Let's train an Naive Bayes Classifier how to "read" tweets, derive a topic, and guess  whether the tweet was positive or negative toward the topic.

We start by importing the libraries we need, as well as REcreating the source text file of tweets. This takes a long time, so if you skip it, the build will use the most recent file of tweets.

In [1]:
#Import the necessary methods from tweepy library
from tweepy.streaming import StreamListener
from tweepy import OAuthHandler
from tweepy import Stream
from datetime import datetime

Run the cell below to update the tweet data file named 'fetched_tweets.txt' OR SKIP IT, as it runs a LONG time.

In [2]:
############################################################################
#
#    REcreating tweets file; skip this cell or be prepared to wait!
#
############################################################################
now = datetime.now() # current date and time

#Variables that contains the user credentials to access Twitter API 
access_token = "29859964-YADj45SokICNoDlpNVyo4oW36fj526S3hQeDMpoXY"
access_token_secret = "CyFZ2wEo3CWA432IAtsFbk9EwSC3Hrr9PKkfZdXPeOHCQ"
consumer_key = "HIMCEsg8p7sQedSbOTrrjjH6W"
consumer_secret = "lsIvwa04RsNB8KhJ1yBRa1LqLt0oNM2ffefYtKixx1Zn55L2gw"
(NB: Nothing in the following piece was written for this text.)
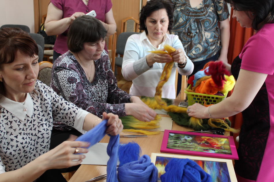 21 апреля детский сад № 429 встречал музыкальных руководителей, педагогов по изобразительной деятельности, воспитателей. Первая часть работы секции «Современные подходы к художественно-эстетическому развитию детей в ДОО» была посвящена обсуждению новых подходов к организации художественно-эстетического развития детей. Педагоги рассматривали различные аспекты развития творческих способностей, эмоциональной восприимчивости детей дошкольного возраста. После перерыва начали работу мастер-классы, на которых педагоги смогли на практике оценить достоинства таких видов художественно-изобразительной деятельности, как фоиларт, работа с нитью, нетрадиционные техники рисования, в том числе шерстяной акварелью.

#This is a basic listener that just prints received tweets to stdout.
class StdOutListener(StreamListener):
    
    def __init__(self, api=None):
        super(StdOutListener, self).__init__()
        self.num_tweets = 0
        
    def on_status(self, data):
        # print(data)
        startDate = datetime.today()
        if self.num_tweets < 10000:
            if data.created_at > startDate:
                with open('fetched_tweets.txt','a') as tf:
                    if hasattr(data, "retweeted_status"):  # Check if Retweet
                        try:
                            thisStatus = data.retweeted_status.extended_tweet["full_text"]
                        except AttributeError:
                            thisStatus = data.retweeted_status.text
                    else:
                        try:
                            thisStatus = data.extended_tweet["full_text"]
                        except AttributeError:
                            thisStatus = data.text
                    s = "\t"
                    timestampStr = data.created_at.strftime("%d-%b-%Y (%H:%M:%S.%f)")
                    tf.write(thisStatus)
                    tf.write("\n")
            self.num_tweets += 1
            return True
        else:
            return False

    def on_error(self, status):
        print(status)


if __name__ == '__main__':

    #This handles Twitter authentication and the connection to Twitter Streaming API
    l = StdOutListener()
    auth = OAuthHandler(consumer_key, consumer_secret)
    auth.set_access_token(access_token, access_token_secret)
    stream = Stream(auth, l, tweet_mode='extended', include_rts=False)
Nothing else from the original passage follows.